Your goal: Write out word for word each line from the top of the material through the line that has "描かれているのは山葡萄だと思". Pictures do not go in.

Entries shown:
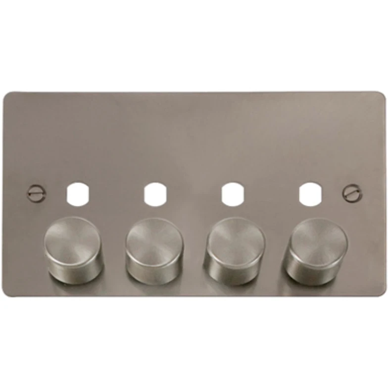 Click Scolmore Plate 4 Gang Double Dimmer Knob Brushed Stainless
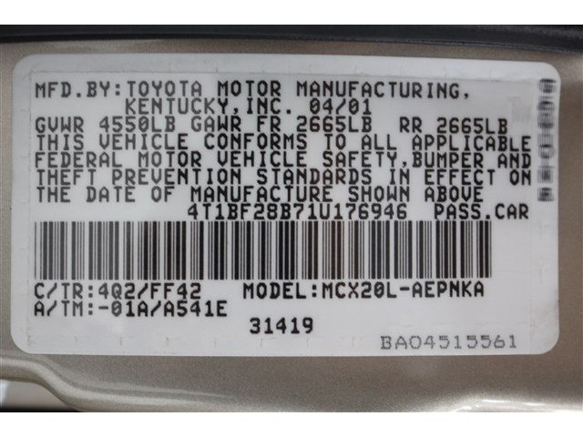 This great 2001 Toyota Avalon is the low-mileage car you have been trying to find. It is nicely equipped with features such as Avalon XL, 4D Sedan, 4-Speed Automatic, Desert Sand Mica, Ivory w/Leather Faced Seat Package, 4-Wheel Disc Brakes, 6 Speakers, ABS brakes, Air Conditioning, AM/FM radio, Bodyside moldings, Bumpers: body-color, Cassette, CD player, Driver door bin, Driver vanity mirror, Dual front impact airbags, Dual front side impact airbags, Four wheel independent suspension, Front anti-roll bar, Front Center Armrest w/Storage, Front Cupholders, Front dual zone A/C, Fully automatic headlights, Leather Power Seats, Outside temperature display, Overhead console, Passenger door bin, Passenger vanity mirror, Power door mirrors, Power steering, Power windows, Rear anti-roll bar, Rear seat center armrest, Rear window defroster, Speed control, Speed-sensing steering, Tachometer, Tilt steering wheel, and Variably intermittent wipers. Edmunds.com puts it clearly and simply, ...if you're looking for the most refined, best-built full-size sedan in its price bracket, your search should begin and end with the Toyota Avalon... The precision-tuned 3.0L V6 MPI DOHC powerhouse delivers substantial horsepower and torque to get you where you need to go...and fast! J.D. Power and Associates gave the 2001 Avalon 5 out of 5 Power Circles for Overall Dependability.
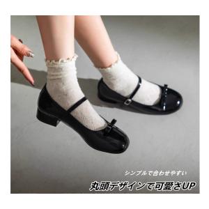 新作 フランス風 マリージェン シューズ レディース エナメル 丸頭 リボン かわいい ジャケット ローファー 太ヒール シンプル シューズSX1508
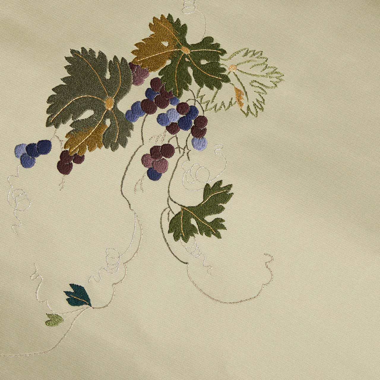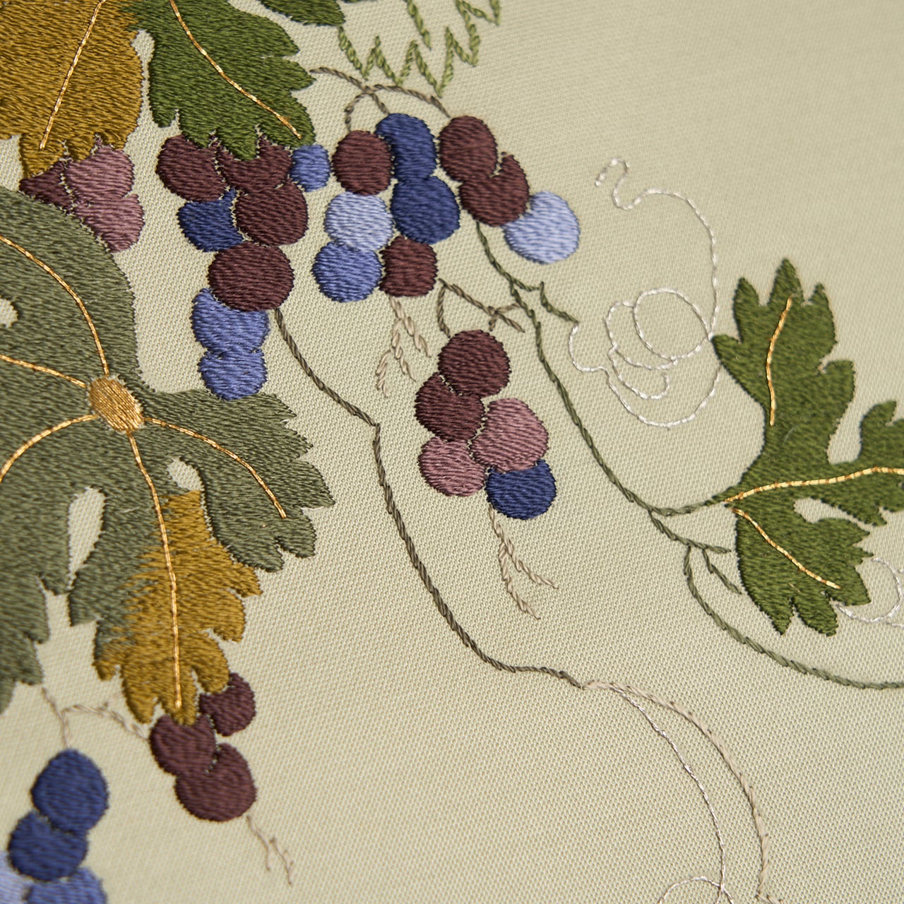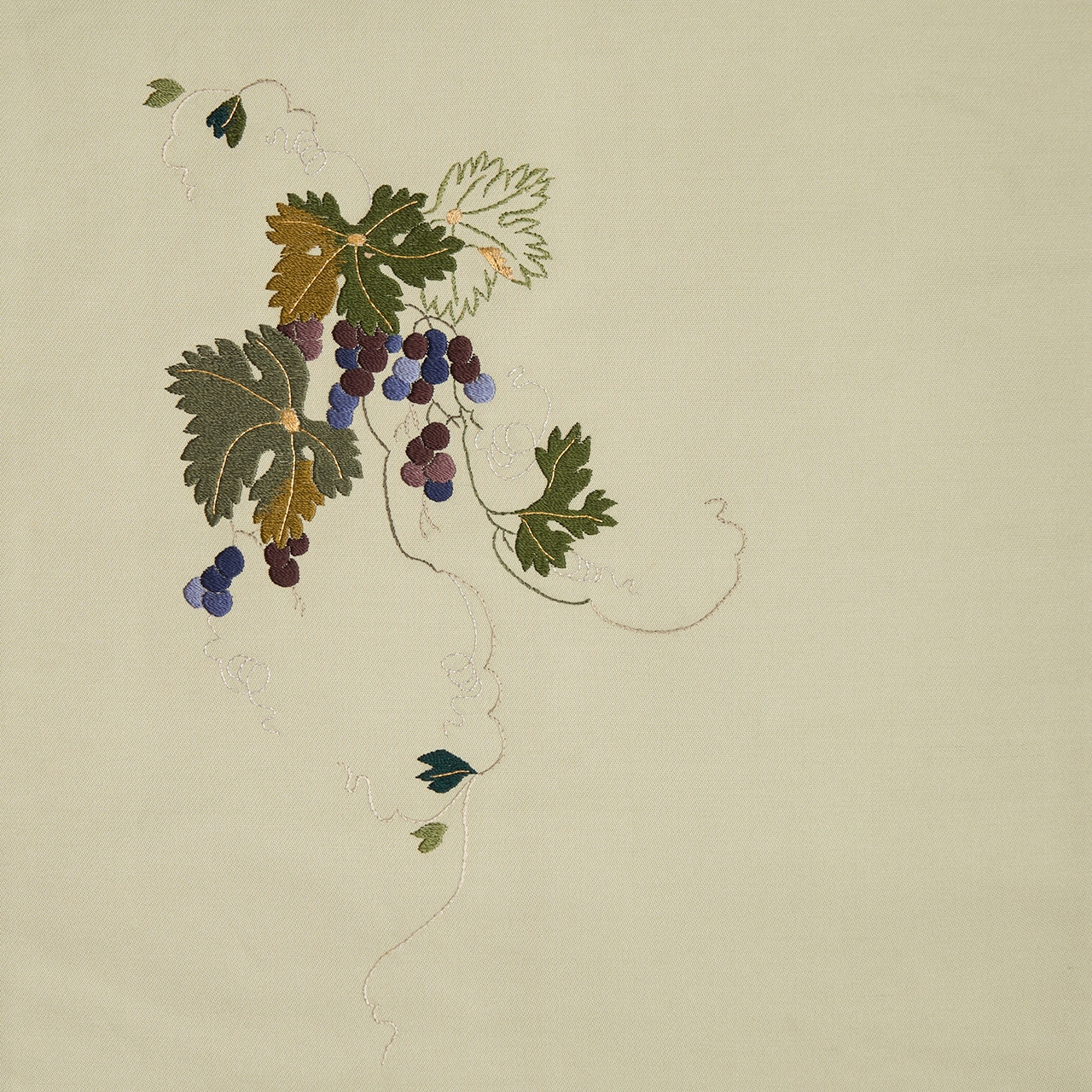 描かれているのは山葡萄だと思われますが、葡萄の実は紫系の何色もの糸で刺繍されていて、山の中でひっそりと艶やかな実をつけている様子が伝わってくるようです。
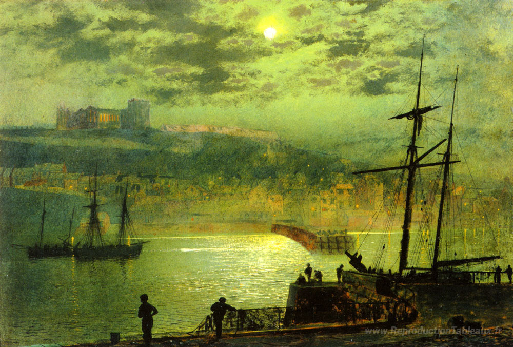 Nous vous proposons une reproduction artisanale sur toile du célèbre tableau 'Whitby de Scotch Head' de John Atkinson Grimshaw, provenant du Musée de la Reproduction.
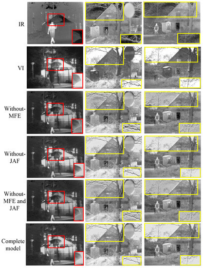 Comparing the above ablation results with ours from the viewpoint of intuitive assessment, it was found that they all achieved good fusion performance. However, intuitively, the presence of texture detail loss and artifacts in the ablation results were still observed. We attribute the dip in performance to insufficient feature extraction and fusion. The complete model could reduce the likelihood of unnecessary artifacts by combining MFE and JAF.
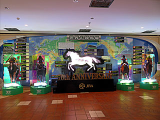 フジビュースタンド3Fでは「 HERO'S DECORATION」と題した展示が始まりました。 オルフェーヴル、 コントレイル、 アーモンドアイ、 ディープインパクトの巨大なアクリルスタンドを設置し、馬のかたちをしたモニターに過去のGⅠレースの映像が流されていました。 |

Solution to this exercise:
 Click Scolmore Plate 4 Gang Double Dimmer Knob Brushed Stainless
 This great 2001 Toyota Avalon is the low-mileage car you have been trying to find. It is nicely equipped with features such as Avalon XL, 4D Sedan, 4-Speed Automatic, Desert Sand Mica, Ivory w/Leather Faced Seat Package, 4-Wheel Disc Brakes, 6 Speakers, ABS brakes, Air Conditioning, AM/FM radio, Bodyside moldings, Bumpers: body-color, Cassette, CD player, Driver door bin, Driver vanity mirror, Dual front impact airbags, Dual front side impact airbags, Four wheel independent suspension, Front anti-roll bar, Front Center Armrest w/Storage, Front Cupholders, Front dual zone A/C, Fully automatic headlights, Leather Power Seats, Outside temperature display, Overhead console, Passenger door bin, Passenger vanity mirror, Power door mirrors, Power steering, Power windows, Rear anti-roll bar, Rear seat center armrest, Rear window defroster, Speed control, Speed-sensing steering, Tachometer, Tilt steering wheel, and Variably intermittent wipers. Edmunds.com puts it clearly and simply, ...if you're looking for the most refined, best-built full-size sedan in its price bracket, your search should begin and end with the Toyota Avalon... The precision-tuned 3.0L V6 MPI DOHC powerhouse delivers substantial horsepower and torque to get you where you need to go...and fast! J.D. Power and Associates gave the 2001 Avalon 5 out of 5 Power Circles for Overall Dependability.
 新作 フランス風 マリージェン シューズ レディース エナメル 丸頭 リボン かわいい ジャケット ローファー 太ヒール シンプル シューズSX1508
 描かれているのは山葡萄だと思われますが、葡萄の実は紫系の何色もの糸で刺繍されていて、山の中でひっそりと艶やかな実をつけている様子が伝わってくるようです。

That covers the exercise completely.